The following is the story as extrapolated from Snopes.
Origin
It isn't at all unusual for an orphaned infant of one species to be accepted by a litter of a completely different species. Dogs, cats, and squirrels are among a variety of mammals whose females will often raise another's offspring when it is introduced into their own litter — nursing, washing, protecting, and playing with the newcomer as if it were one of her own.
Such was the case with Finnegan the squirrel, who was found injured and malnourished in the Seattle area in September 2005, when he was but a few days old. He was brought to Debby Cantlon, an area resident with a reputation for taking in sick and injured animals and nursing them back to health.
What happened next was a bit unexpected. Ms. Cantlon reported that her black and white Papillon dog, Mademoiselle Giselle, who was pregnant at the time, twice dragged the kennel in which Finnegan was being cared for across the house and deposited it next to her own doggie bed:
"She would go and take the kennel and drag it through the dining room, through the kitchen and the hallway and park it next to her bed. I didn't know if she wanted to the squirrel to eat it or to nurse it."

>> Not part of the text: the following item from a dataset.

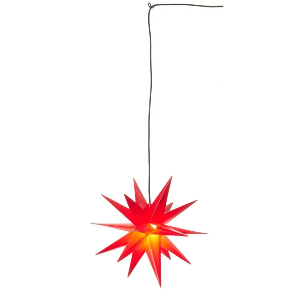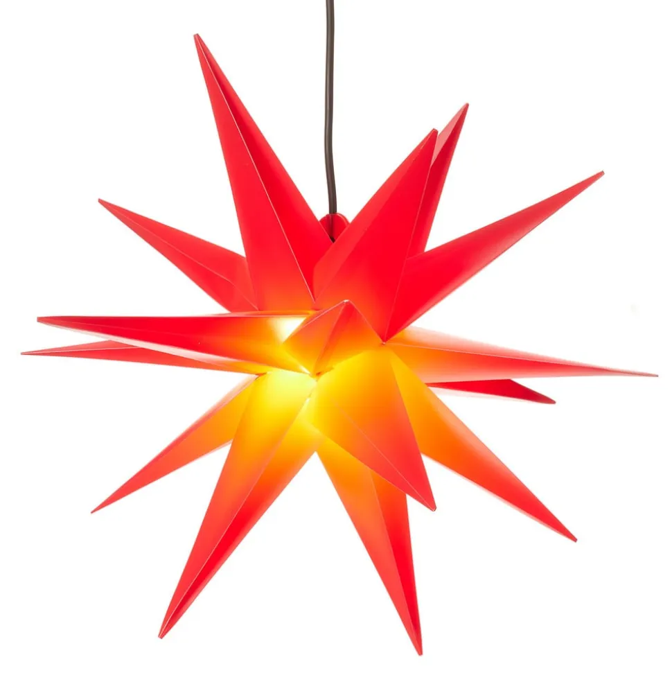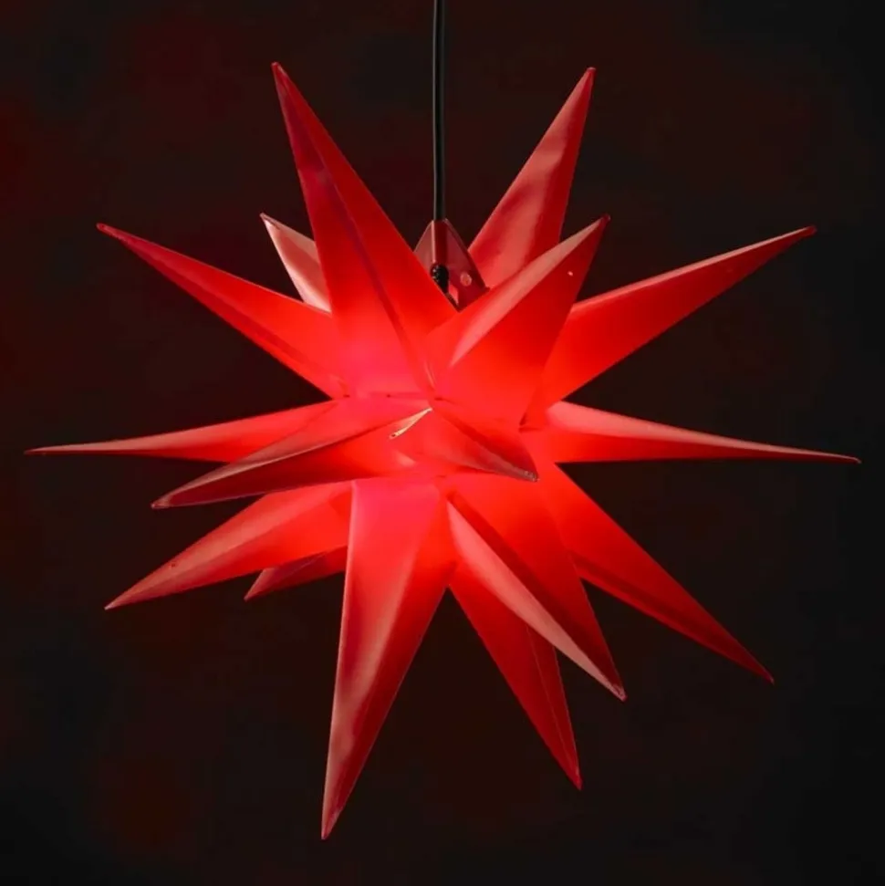 Denne mangepunktsstjerne er fremstillet af vejrbestandigt plast og er med IP44-beskyttelsesgraden også egnet til udendørs brug, da selv kraftigere vejrpåvirkninger som f.eks. vandstænk på alle sider ikke kan skade dens skønhed. Stjernen fascinerer ikke kun på grund af sin størrelse med en diameter på ca. 50 centimeter, men også på grund af sin lysstyrke. Dens enkle skønhed spreder et klart lys, der er synligt på lang afstand i vintermørket og sætter stemningen for julen på en lovende måde

After Mademoiselle Giselle gave birth to her pups but continued to pay as much (or more) attention to Finnegan than to her own litter, Ms. Cantlon decided to let Finnegan out of his cage and see what happened. And what happened was that Mademoiselle Giselle adopted Finnegan as one of her own:
"I just gave her the squirrel and she was just ecstatic. She was all over him — lick, lick, lick, lick, lick. Instinct is a wonderful thing. It sort of takes over and tells you what to do."
Ms. Cantlon said that once Finnegan learned how to forage for food on his own she planned to release him back into the wild.